Speaker Normalization and Adaptation
The aim of speaker normalization and adaptation is to remove the speaker-dependent variations and thus model relevant details in the speech signal more accurate.
The words of the recognition systems vocabulary are usually modelled as sequences of phonemes given by the so-called pronunciation lexicon. To capture coarticulation effects present in fluent speech, these phonemes are usually modelled dependent on their immediate neighbouring phonemes, their context. Across-word models capture the context dependency of the phonemes not only within the words, which is relatively easy to implement, but also across word boundaries. For high recognition performance across-word models are important.
When across word models are used there are two possibilities to model the word boundaries:
Since the transcription of the training data contains no information on which kind of word transition occurred, this decision has to be made during the training process. Different methods for making this decision were investigated and compared regarding complexity and word error rate performance.

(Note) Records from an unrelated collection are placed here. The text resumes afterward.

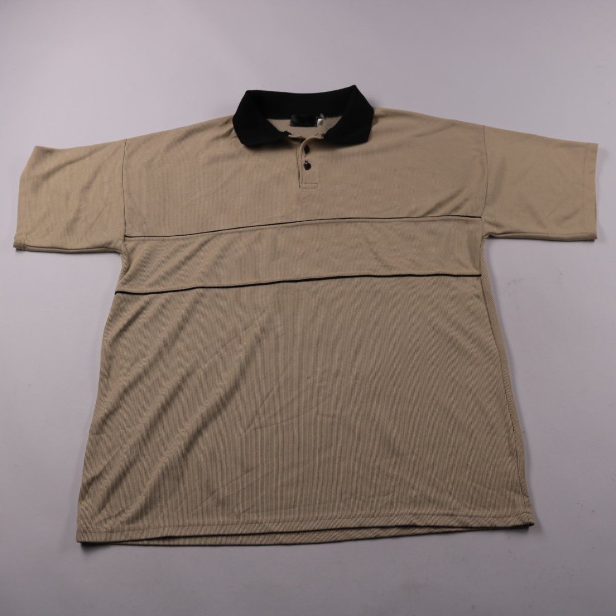 Мужское поло бежевого цвета с чёрным воротником и планкой на пуговицах. Подойдёт для повседневной носки летом и в тёплую погоду, хорошо смотрится с джинсами или шортами. Материал приятный к телу и удобен в уходе.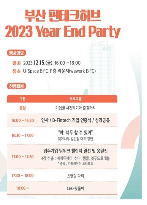 이번 행사는 부산 핀테크 허브 내 입주한 스타트업 기업의 성장을 격려하기 위한 자리로, ▲기업 성과공유 ▲'B-Fintech 20' 기업 인증식 ▲(주)야나두 김민철 대표의 강연 ▲입주기업 팀워크 챌린지 및 네트워킹 등으로 진행될 예정이다.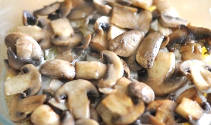 Lavez, épluchez, coupez les champignons, hachez-les et faites-les revenir dans une poêle avec une portion d'huile végétale préchauffée.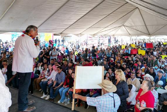 un jornalero que dijo ser originario de la comunidad de Metlatónoc, Guerrero, quien le agradeció su decisión de destinar parte de los 5 millones de pesos de financiamiento ofrecido por su partido, Morena, para la rehabilitación y equipamiento del centro de salud de su pueblo, y le expresó su confianza porque “usted siempre va a ver por los más necesitados”.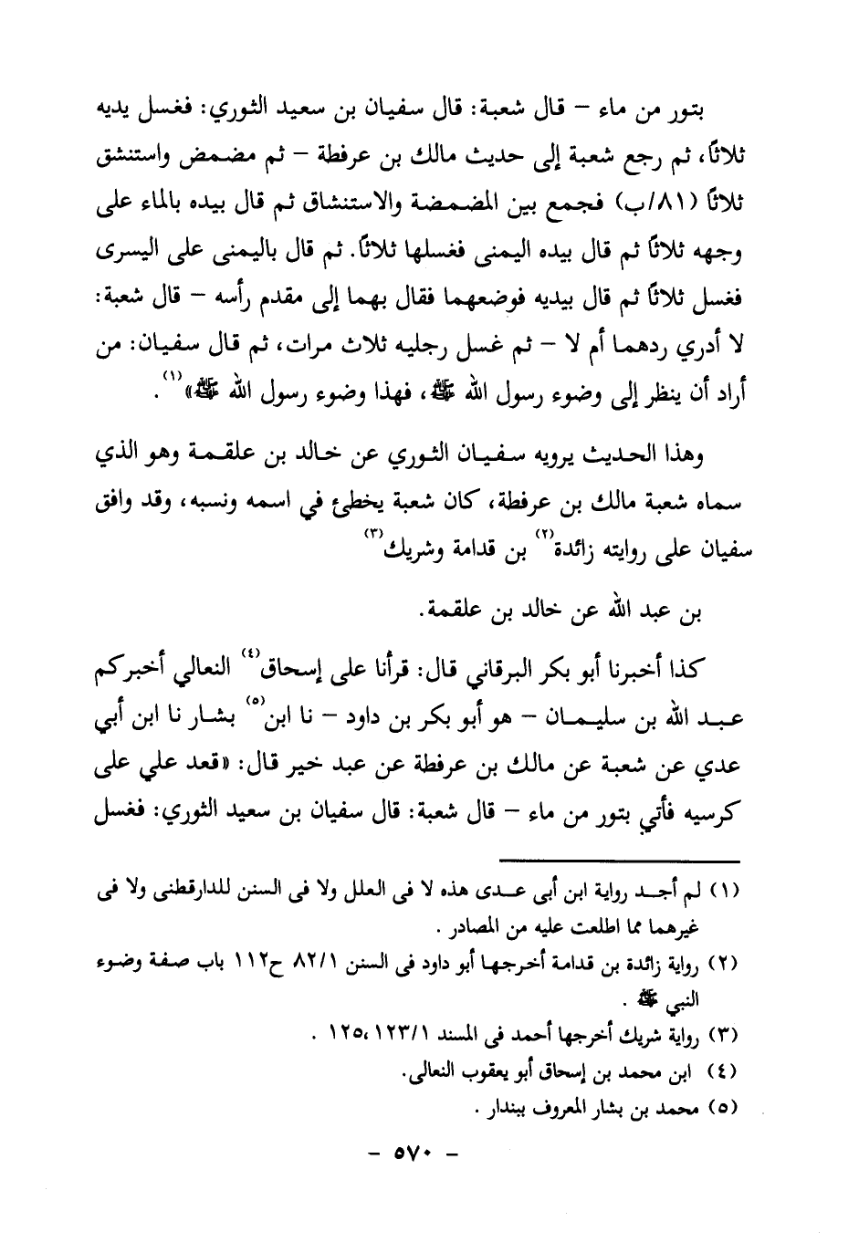 كَذَا أَخْبَرَنَا أَبُو بَكْرٍ الْبَرْقَانِيُّ قَالَ: قَرَأْنَا عَلَى إِسْحَاقَ4 النِّعَالِيِّ أَخْبَرَكُمْ عَبْدُ اللَّهِ بْنُ سُلَيْمَانَ – هُوَ أبو بكر بن دَاوُدَ – نا ابْنُ5 بَشَّارٍ نا ابْنُ أَبِي عَدِيٍّ عَنْ شُعْبَةَ عَنْ مَالِكِ بْنِ عُرْفُطَةَ عَنْ عَبْدِ خَيْرٍ قَالَ: " قَعَدَ عَلِيٌّ عَلَى كُرْسِيِّهِ فَأُتِيَ بِتَوْرٍ مِنْ مَاءٍ – قَالَ شُعْبَةُ: قَالَ سُفْيَانُ بن سعيد الثوري: فغسل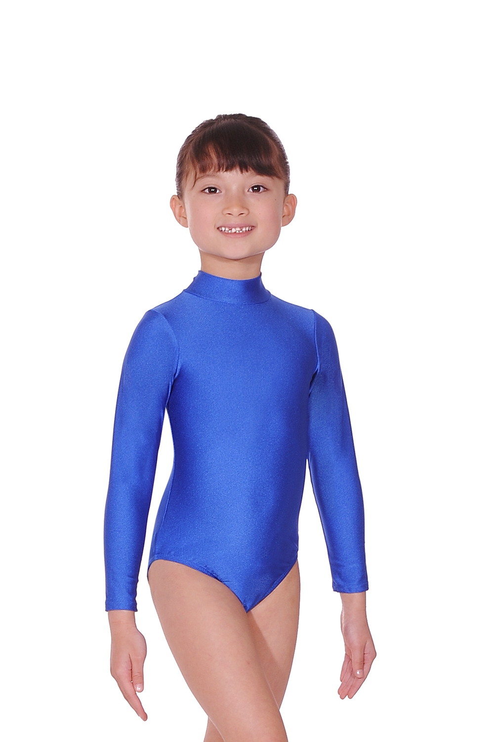 The 2008 leotard from Roch Valley. This sleek Nylon/Lycra leotard features a stylish turtle neck and modest long sleeves, with a stunning keyhole back and an easy press stud fastening. The range of sizes caters for dancers of all ages and abilities, no matter what your style of dance.

Compared to the baseline within-word model system the application of across-word models resulted in improvements by 7% - 10% relative in word error rate on several corpora.
In large vocabulary speech recognition, words are modelled as sequences of usually phonetically motivated sub-word units, compiled in a pronunciation dictionary. Extending the vocabulary requires phonetic transcriptions for all words to be known. Generating these manually is a time-consuming and error prone task. Moreover spontaneous and conversational speech often deviates considerably from the standard pronunciation. This mismatch impairs recognition performance considerably. The goals of this project are to improve the pronunciation models for common words, and to find baseforms for novel words automatically.
We developed a method for determining the optimal (maximum likelihood) pronunciation of a word from acoustic sample utterances. Since unrestricted phoneme recognition on a single utterance has an unacceptably high error rate, our algorithm operates on multiple samples. Our novel search algorithm performs global optimization with respect to all acoustic evidence. Unlike previous work in this field it is able to generate phoneme graphs. Phoneme graphs are an efficient representation of alternative pronunciations and can be used to estimate stochastic pronunciation models. In preliminary experiments on the VERBMOBIL corpus, phoneme error rates below 5% with respect to the standard pronunciation were achieved with 20 sample utterances per word. This is a 90% improvement with respect to the 50% error rate when using only a single utterance per word.
The central objective of discriminative training criteria is to consider both class-internal as well as class-external data to train pattern recognition systems in order to improve class separability and therefore recognition performance. In this project, discriminative training criteria were used to train speech and image object recognition applications.
For the purpose of the evaluation of discriminative training criteria, approaches to unify different criteria and the corresponding optimization methods were developed. Furthermore, certain asymptotic properties of several discriminative criteria were proved, which closely relate discriminative criteria to the true Bayes error rate.
In order to further optimize the efficiency of discriminative training for large vocabulary speech recognition applications, methods were developed to speed up and restrict the search for competing word hypotheses on the training data.
Experiments for large vocabulary discriminative training initially were performed on clean read speech only. In order to investigate the robustness of discriminative training criteria, extensive experiments were performed on spontaneous speech tasks. Unfortunately, the improvements on the German VERBMOBIL task were not very high. In the best case the word error rate was reduced from 17.6% for Maximum-Likelihood training down to 17.1% for Maximum-Mutual-Information training.